These factors include institutional cultures of the market participants from the business world both in East and West, grass-roots political movements like the anti-nuclear parade and Environmentalism that have taken the European establishment, notably in Germany, by surprise and the specific educational backgrounds and skill-sets of the individuals in government and society who are decision makers in energy matters. Indeed, one of the great virtues of Gustafson as an historian is his filigree work, his tweaking out how men make history to no lesser a degree than economics, technological developments and the other anonymous drivers that are the darlings of contemporary political science.

Gustafson is far better equipped to deliver an expertly written context for Russia's dealings with its partners in Western Europe because, unlike many if not most Russianists, he is an outstanding linguist, and draws heavily on German and French literature in the field as well as English-language and Russian sources. However, this is not merely an academic masterwork, but a book enlivened by occasional personal asides about his protagonists in West and East with whom Gustafson met during the several decades that he has been a leading global authority in the energy field, gas and oil.

What we get here is a political, economic and intellectual history of Europe and Russia described in parallel. We learn about not only what directly bears on energy policy such as Environmentalism and the anti-nuclear movement but also about the economic and political theories, one is tempted to say, the neo-liberal ideology that have entirely reshaped the gas market in Western Europe into which Russia sells over the past 25 years. Indeed, for these reasons the book is heavier on West European history than Russian history.
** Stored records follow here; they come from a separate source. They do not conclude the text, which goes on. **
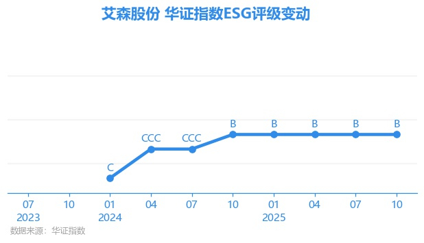 日前,华证指数公布了新一期(2025年10月31日)的ESG评级结果,艾森股份(688720.SH)获得B评级(华证指数评级为C起至AAA九档,C为最低档,AAA为其最高一级评级/AA为其第二档),上一期(2025年7月31日)ESG评级为B。本期ESG评级在494家化学制品行业A股上市公司中排名第233(上一期排名第226)。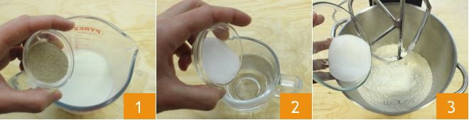 Para realizar la tarta sándwich, comenzad a preparar el pan brioche: disolved la levadura deshidratada en la leche (alternativamente podéis utilizar 12 g de levadura de cerveza fresca) 1, aparte en otro cuenco disolved la sal en el agua 2. En una batidora equipada con batidor K verted las harinas tamizadas, el azúcar 3,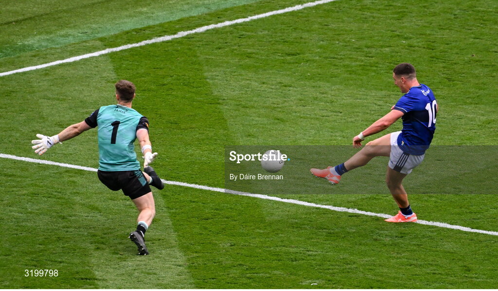 27 July 2025; Joe O'Connor of Kerry scores his side's first goal past Donegal goalkeeper Shaun Patton during the GAA Football All-Ireland Senior Championship final match between Kerry and Donegal at Croke Park in Dublin. Photo by Daire Brennan/Sportsfile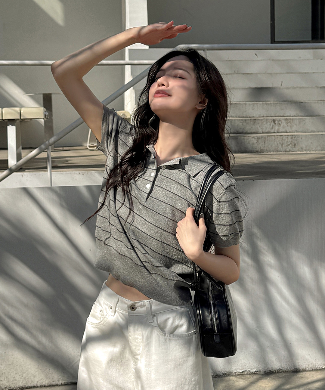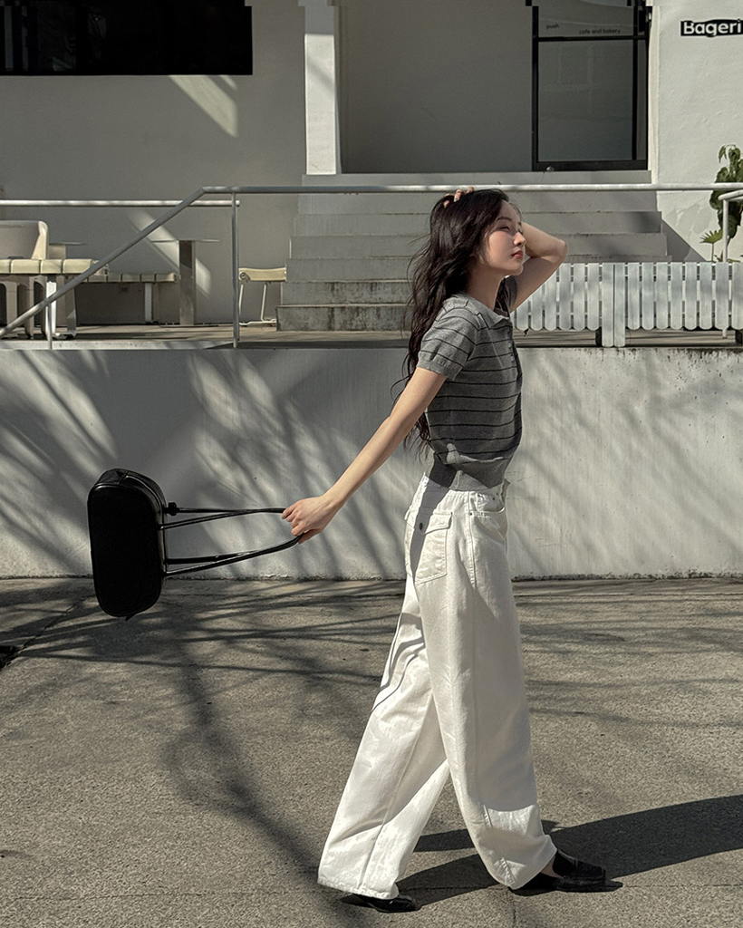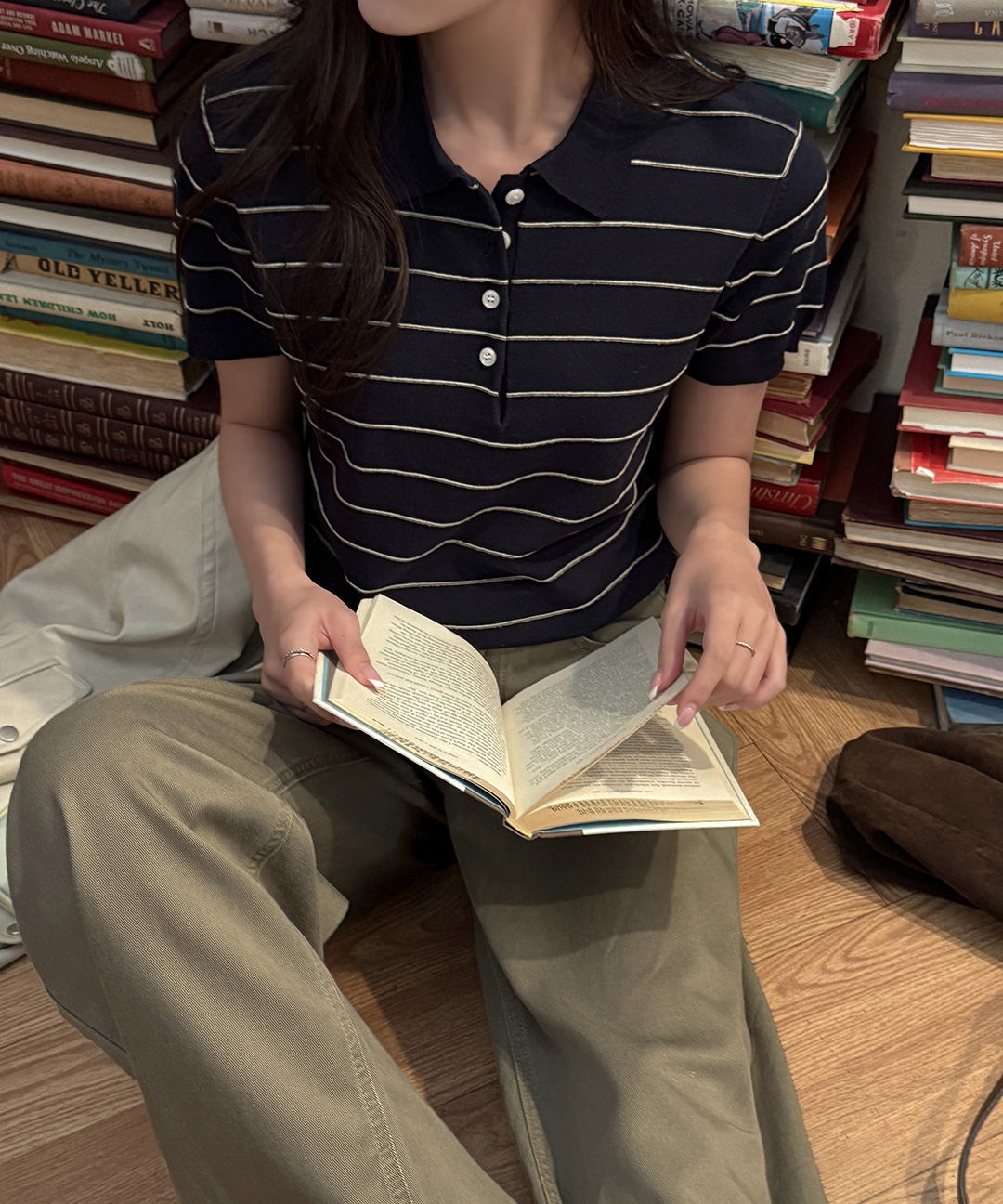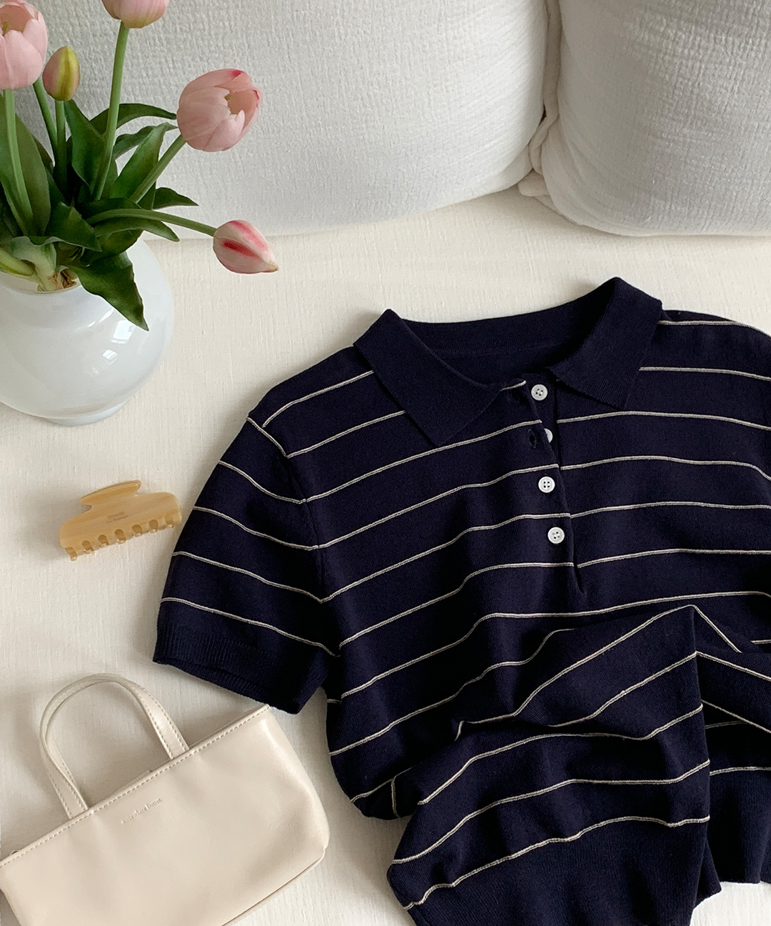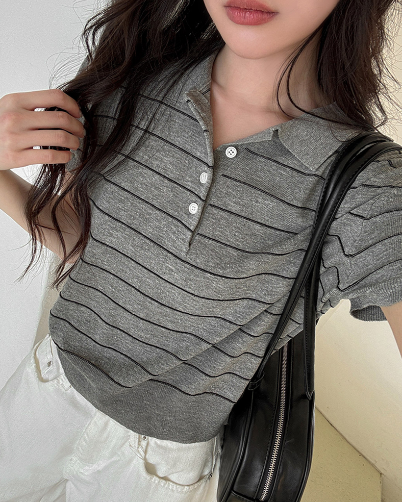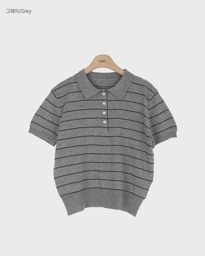 [original] リネン ボーダー 襟付き 半袖 ニット

In his detailed explanation of the role played by the EU's General Directorate for Competition and the European Court of Justice in setting up the Single Market that was the main achievement of perhaps the most important President of the European Commission to date, Jacques Delors (1985-95), Gustafson provides insights that surely will be of interest to all students of the European Institutions. Although I have lived and worked in Brussels off and on since 1980 and have become fairly involved in the activities of the European Parliament in the past five years, I profited greatly from reading the respective chapters in Gustafson's book.

As for the narrative devoted to Russia, Gustafson explains where the frame contracts for supply of Russian gas that required so much renegotiation with the EU in the new millennium came from, namely the Groningen model developed by Europe's first source of cross-border natural gas supply, The Netherlands. He explains how the industry developed in Europe's second largest source of imported natural gas, Norway, which had a configuration of state and industry that he compares and contrasts closely with Russia's.

The last third of the book focuses on the issues we would most expect: relations between Russia and Ukraine, meaning the legacy of the Soviet era and how it is being gradually erased; the evolution of economic relations between Russia and Germany in the new millennium when, especially after Putin's landmark speech at the Munich Security Conference in 2007 challenging the West, political relations headed downhill.

One of the great virtues of this book is the way that Gustafson explains the complexity of politics, material interests and corporate culture within what our less curious and less informed journalists and academic commentators see as open-and-shut cases of monolithic Soviet tradition, like Gazprom or of Putin's supposed autocratic monopoly of power. The following paragraph from 278 is exemplary in this sense:

    "One of the main points of this book has been that the Russian gas industry, despite its geopolitical significance, is a business, and a highly technical and a highly complex one. A state-owned gas company may be an instrument of government policy and even of geopolitical ambitions, but it is also interested in profit and market share as well as its commercial reputation, the implementation of its engineering skills, and the management of such a large and complex system. Putin is clearly the chief decider in Russian gas policy. But in the everyday conduct of business Gazprom, like any large organization, has the capacity to delay, resist, and reshape the Kremlin's commands if they run counter to Gazprom's commercial objectives, business models, and core competences."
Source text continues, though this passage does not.